# [Supplied records]
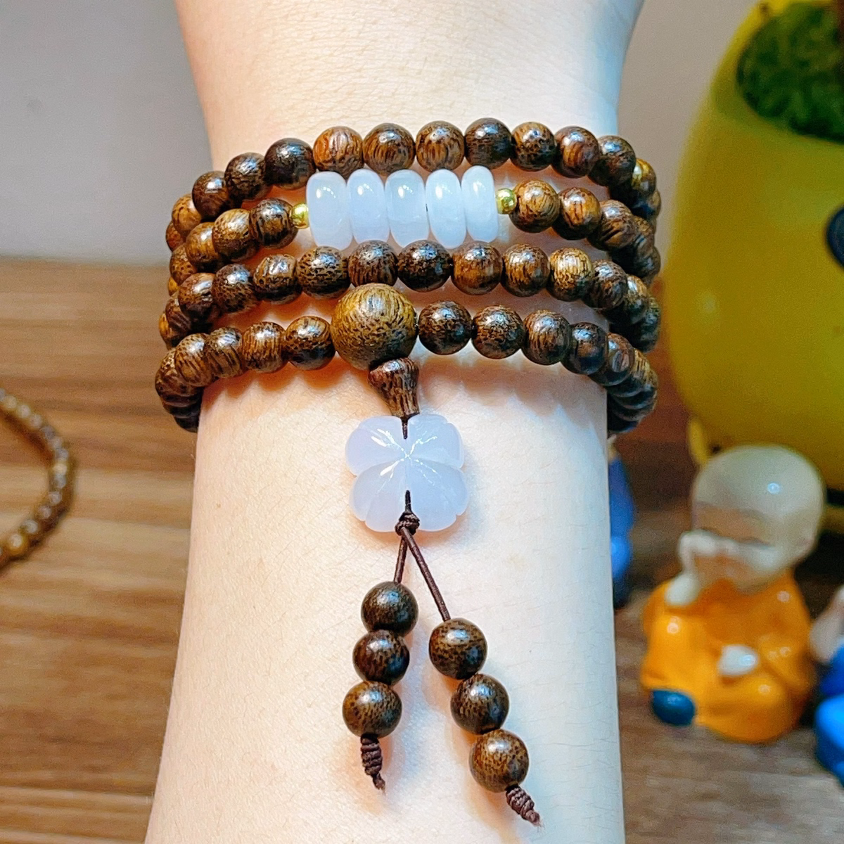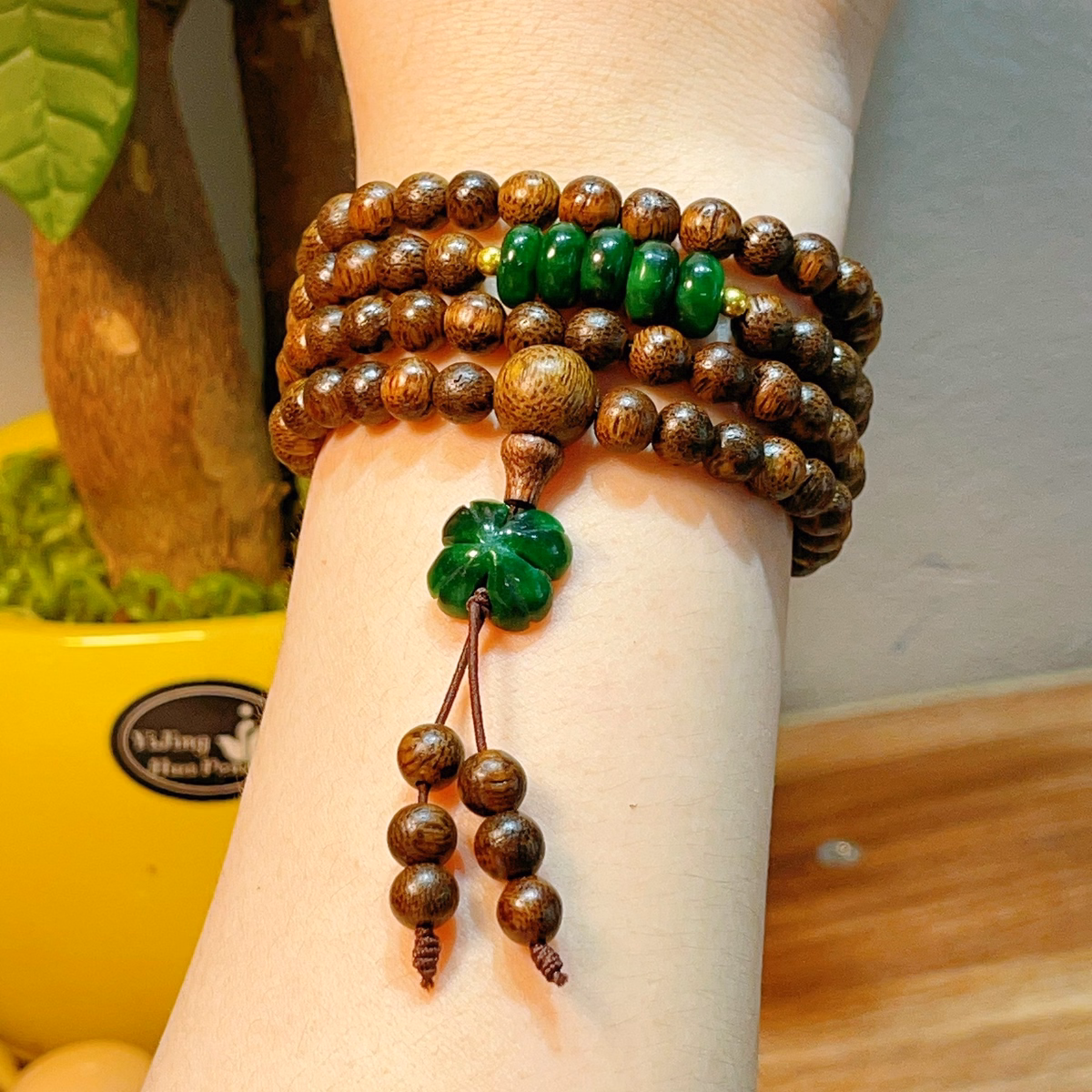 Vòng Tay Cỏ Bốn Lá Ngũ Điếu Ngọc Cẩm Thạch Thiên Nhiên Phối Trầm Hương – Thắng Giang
---
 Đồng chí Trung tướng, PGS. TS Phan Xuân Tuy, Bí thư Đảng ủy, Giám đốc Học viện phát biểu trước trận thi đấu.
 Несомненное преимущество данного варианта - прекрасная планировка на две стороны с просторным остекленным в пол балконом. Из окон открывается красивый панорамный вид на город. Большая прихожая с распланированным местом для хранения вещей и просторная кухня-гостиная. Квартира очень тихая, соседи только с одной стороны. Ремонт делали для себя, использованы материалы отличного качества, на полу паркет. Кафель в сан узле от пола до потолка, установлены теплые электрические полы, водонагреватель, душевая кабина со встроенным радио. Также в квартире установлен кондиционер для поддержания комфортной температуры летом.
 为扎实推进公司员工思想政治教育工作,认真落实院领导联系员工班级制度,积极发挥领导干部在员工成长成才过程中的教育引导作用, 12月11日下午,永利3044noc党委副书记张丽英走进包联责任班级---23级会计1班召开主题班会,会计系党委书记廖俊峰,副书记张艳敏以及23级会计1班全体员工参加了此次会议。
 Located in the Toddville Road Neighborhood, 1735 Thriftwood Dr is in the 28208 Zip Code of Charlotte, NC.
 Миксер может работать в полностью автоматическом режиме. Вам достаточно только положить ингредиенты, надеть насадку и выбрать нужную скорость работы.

# [What to do]
Both end lines included, restate word for word the lines above from the line with "Located in the" to the line with "Миксер может работать", and nothing else.

# [Result of this exercise]
 Located in the Toddville Road Neighborhood, 1735 Thriftwood Dr is in the 28208 Zip Code of Charlotte, NC.
 Миксер может работать в полностью автоматическом режиме. Вам достаточно только положить ингредиенты, надеть насадку и выбрать нужную скорость работы.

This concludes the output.